US Perspective—04.06.13
04/06/2013
www.themaxfieldreport.com
The big packer market reached a bit of an impasse last week. Fundamentally we are not sure the market really changed that much; however, buyers who thought they had prices on a downward run, found packers’ offer lists last week a bit less populated and packers much less willing to negotiate prices.
At the end of the day, sources share that it appeared a busy week for traders as the speculation by the trade was that many traders were busy covering short sales, while direct interest from tanners last week paled in comparison to the past couple of weeks.
As far as prices were concerned, we call prices no worse than steady with the week prior, while we are aware of a few isolated incidents where sellers were able to lay claims of achieving some incremental advances.
As far as volumes are concerned, there is not a consensus in the trade. Some have insisted there were not many hides exchanging hands, while others insist packers sold a week’s worth of product.
In regards to prices last week, HTS sold in a range from $97.50-$98, while BBS sold at $98-$99, while sales on HNS reflected levels of $99-$100. BS sold at $97-$98, while CBS sold at $95, while sales on heifers were still reflecting sluggish levels with HNH at $83 and HBH at $81.
In the cowhide trade, members of the trade also have mixed reports. The majority of those selling hides are laying claims to enjoying a decent week of interest, especially towards the end of last week, and many of these same producers are leaning towards opinion that prices have not bottomed. In the meantime, we have heard from other producers who are insisting that they had a relatively uneventful week of interest and were disappointed with sales last week.
Overall, last week saw sellers with offer lists that were noticeably not as populated as the last couple of weeks were. Sellers who had started to become accustomed to lower prices over the past several weeks, entered the week with thoughts that they would continue to press for lower prices. However, by mid-week, it was apparent that sellers were not willing to cooperate and from our vantage point. We would call prices close to steady, with a few isolated reports where there were opportunities to squeeze desperate buyers for incrementally higher levels.
As to what we look for this week, we expect sellers to continue to try to convey a message that the hide market has bottomed out, coupled with insistences there are still more than a few tanners who are in need of product. Meanwhile, many sellers are laying claims to mending their sold-forward positions in the last week to ten days and only time will tell if these claims are correct.

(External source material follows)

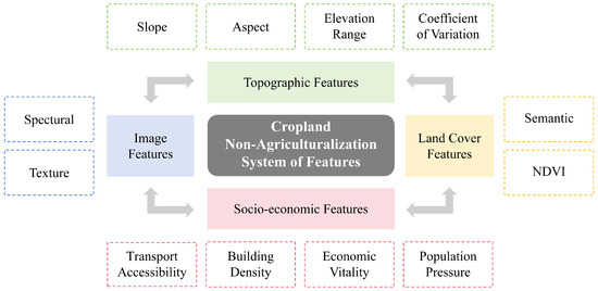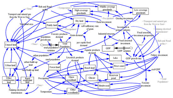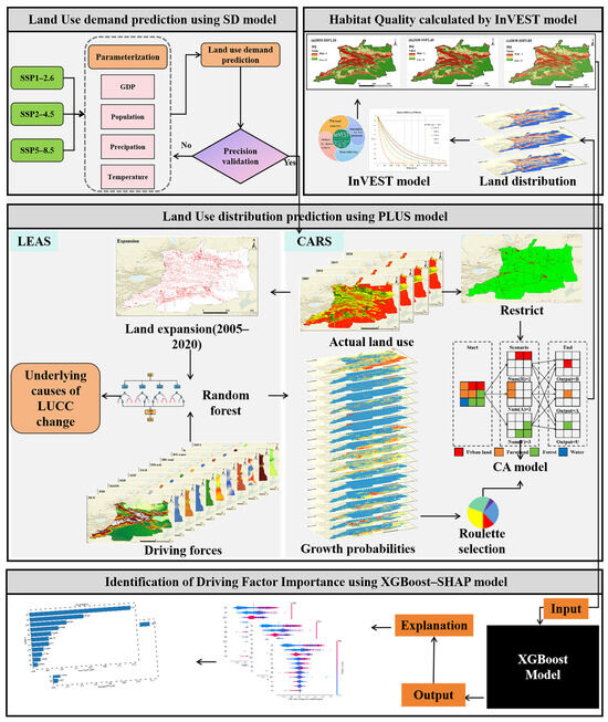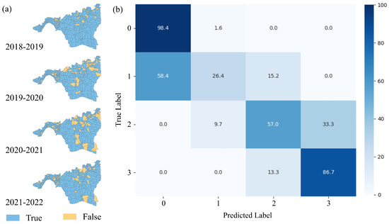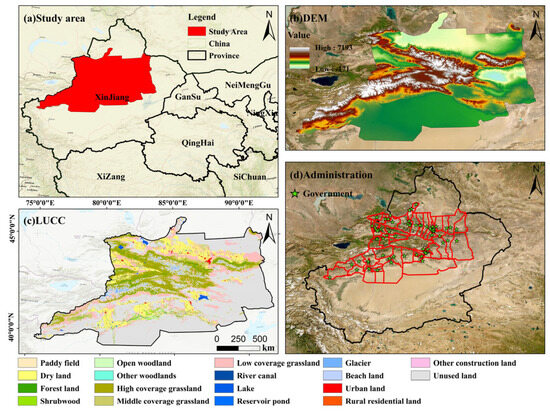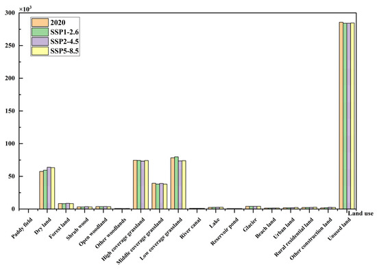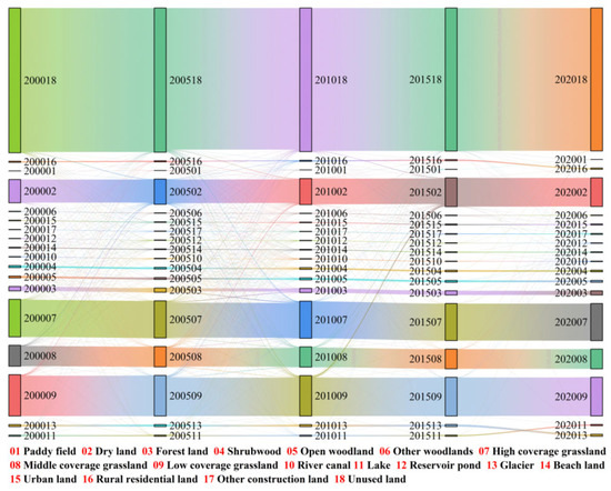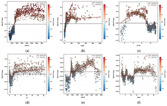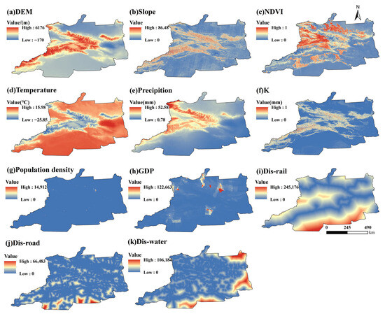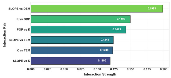 −1, respectively). (2) Land use type, soil type, and evapotranspiration were the primary single drivers of LAI spatial heterogeneity, and the interaction between land use and soil types has the most significant impact on it. (3) Climate change and human activities jointly accounted for 78.4% of the LAI variations across the study area, with the relative contribution of human activities (C

In the meantime, other than the holiday-shortened week last week, overall, there really has not been any real significant development in the market place over the course of May other than we are in the midst of tanners’ slow season, while we are in the midst of the busy season for packers.
There are two wild cards that we believe need to be addressed. The first is that sources are sharing that there was an extremely large amount of interest last week, although not all of it could be concluded. Could this interest be interpreted as tanners being short of hides or possibly attempting to average down their higher priced inventories, as reports about leather business for the third quarter appear “murky” at best?
The second wild card in our mind, and probably not a major factor, is how accommodating producers were about selling at lower levels the two weeks prior to last week. Could this have been sellers being creative and allowing some of their best customers to average down some of the hides they bought at the top of the market, or perhaps for sellers away of attempting to ensure they continued receiving letters of credit openings?
Whatever the explanation the stage is set for an interesting week of trading this week and with both buyers and sellers strong in their convictions about the market, it will be interesting to see which side blinks first.